I am just very nervous about putting all my data (OS, Programs, storage) into one drive. Single failure result in massive amount of down time. This way is OS falls down I got SSD to plug in. And if my scratch disk or 1TB SSD down I am not that fussed. And the 6TB is on a redundancy also. Fingers crossed I am just being completely paranoid.

dont have offsite backup or cloud backups tho. I think for home use that’s taking it to the next level.

I started this primarily to defend against ransomware and had a NAS doing monthly full system backup and incremental weekly backup. Eventually decided to have singular OS disk backup is ok and cheaper as it is more or less static.
 
I have two NVMe drives, one dedicated to OS - but it is 1TB so something of a waste of space and really I should partition it. The second is 2TB and used for data I need to access fast. I use Macrium for disk image backups, those are stored on various HDs and a NAS, with the most recent backup also on the 2TB NVMe. I have another NAS which is a mirror of the first. If the OS drive dies I can get it back up in a minute or so by restoring the image, or a bit longer if I have to go to the slower media for an earlier version.

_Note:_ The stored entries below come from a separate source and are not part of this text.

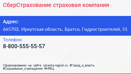 СберСтрахование, страховая компания по адресу 665702, Иркутская область, Братск, Гидростроителей, 51 в дальнейшем Организация, размещена в следующих категориях:
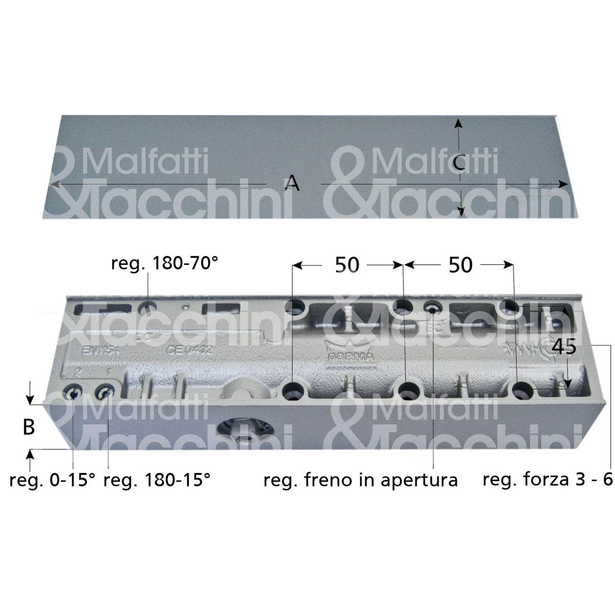 CHIUDIPORTA TS 83 BCA/DC SOLO CORPO  per porte largh. max 1400 - 2 velocità di chiusura con valvole indipendenti freno in apertura regolabile e ritardo di chiusura
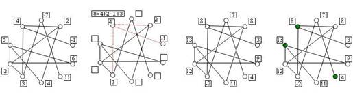 csomópontok értékének az összegét, (6., 7. ábrák). Az így kapott gráf lesz a 25
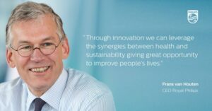 “Through innovation we can leverage the synergies between health and sustainability giving great opportunity to improve people’s lives,” said Frans van Houten, CEO of Royal Philips, in the run-up to Davos 2020. “Whether it’s empowering clinicians to improve patient outcomes or creating new business models and circular economy solutions to reduce healthcare’s carbon footprint, we know that achieving the scale necessary to make a global difference can only be done through inclusive stakeholder partnerships that create true end-to-end solutions.”
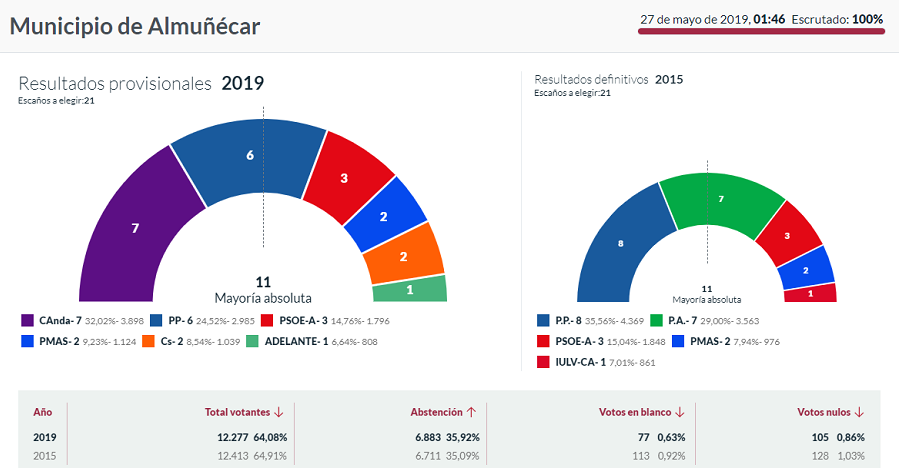 ALMUÑÉCAR. Convergencia Andaluza gana las elecciones municipales con 7 concejales; el PP pierde 2, se queda con 6 concejales; el PSOE obtiene 3 concejales, los mismos que Sigue leyendo
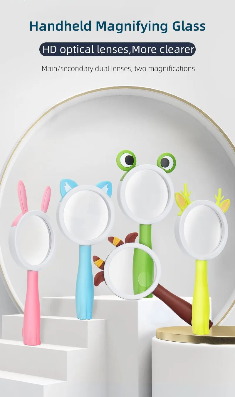 Children’s Magnifier 5x-10X Handheld Non-slip Magnifier Cute Cartoon Animal Magnifying Glass Science Education Experiment Toys
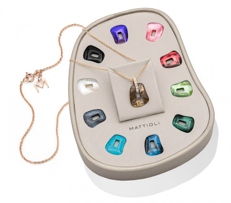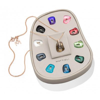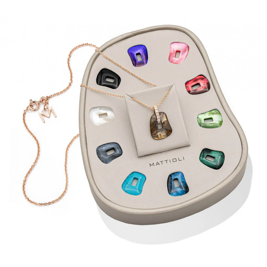 Box Ciondolo Mattioli piccoli e catenina in oro rosa, diamanti bianchi e 11 trapezi colorati intercambiabili della collezione Puzzle
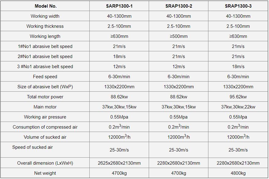 Model SRAP1300-2 is suitable for powerful calibrating sanding and especially for integrated materials board, solid board, block board etc.
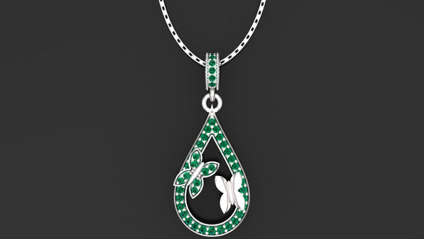 Meticulously handcrafted from the finest 925 sterling silver, the Faraasha pendant features a graceful teardrop frame, pavé-set with a shimmering line of brilliant gemstones. Captured within this sparkling embrace are two delicate butterflies—one glittering with matching gems, the other serene in polished silver. Together, they represent the beautiful journey of transformation, making this piece a profoundly personal and meaningful emblem.
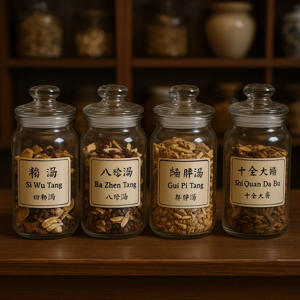 Daarnaast is Ba Zhen Tang (八珍湯) belangrijk. Deze formule combineert Qi-tonica met Bloedvoedende kruiden. Het resultaat: meer kracht, betere spijsvertering en sneller herstel na ziekte.

The 1TB OS drive was maybe a mistake and a smaller capacity would have made more sense, but I ordered it with my new PC and it seemed like a good idea at the time :-) The second 2TB NVMe I added shortly after when it came up for sale on MM. I've had dozens of mechanical HDs fail over the years, so much so I treat them as consumables like printer ink. Maybe I've been lucky but I have not had an SSD die on me yet. I keep an old (retired but functional) SSD offline with a copy of the OS drive but that can be a month out of date, maybe useful if everything else fails!

Anyway, yes - I prefer to have the OS on a separate drive just for simplicity. I'm not happy keeping data on the same physical drive.
 
i would recommend 2 drives for the sake of better management of space on the partition. Having a system drive that is big enough to hold all your OS and programmes at around 50% of the capacity and then second drive to whatever size you need it to be. Bigger the better as that drive is likely to have more data writes to it so big drives have higher endurance.
Actually it's that system drive which gets written some amount pretty much always when PC is powered.
For example Windows keeps logs. (+ possible page file)
Also running programs can keep their own logs and for example web browser can keep backupping data for state of tabs etc of the session and normal cache.
https://www.servethehome.com/firefox-is-eating-your-ssd-here-is-how-to-fix-it/


I'm not happy keeping data on the same physical drive.
Some malware can wreck all data visible for OS anyway no matter on how many drives its stored in.
And unlike HDDs SSDs don't suffer from major performance penalty of trying to use drive for multiple simultaneous things.
 
Actually it's that system drive which gets written some amount pretty much always when PC is powered.
For example Windows keeps logs. (+ possible page file)

I don’t have page files setup since going to SSD and alway made sure I got enough provision for RAM.

compare with the data files I create on edits, the total Bytes written to my scratch disk is way higher. I have just setup my system but I was running 1TB disk and partitioned it had 17TB writes but my C partition had been fairly static overall. So most of it is from temp files generated from premier and downloads.

but with 2 drives I can monitor the usage more as well.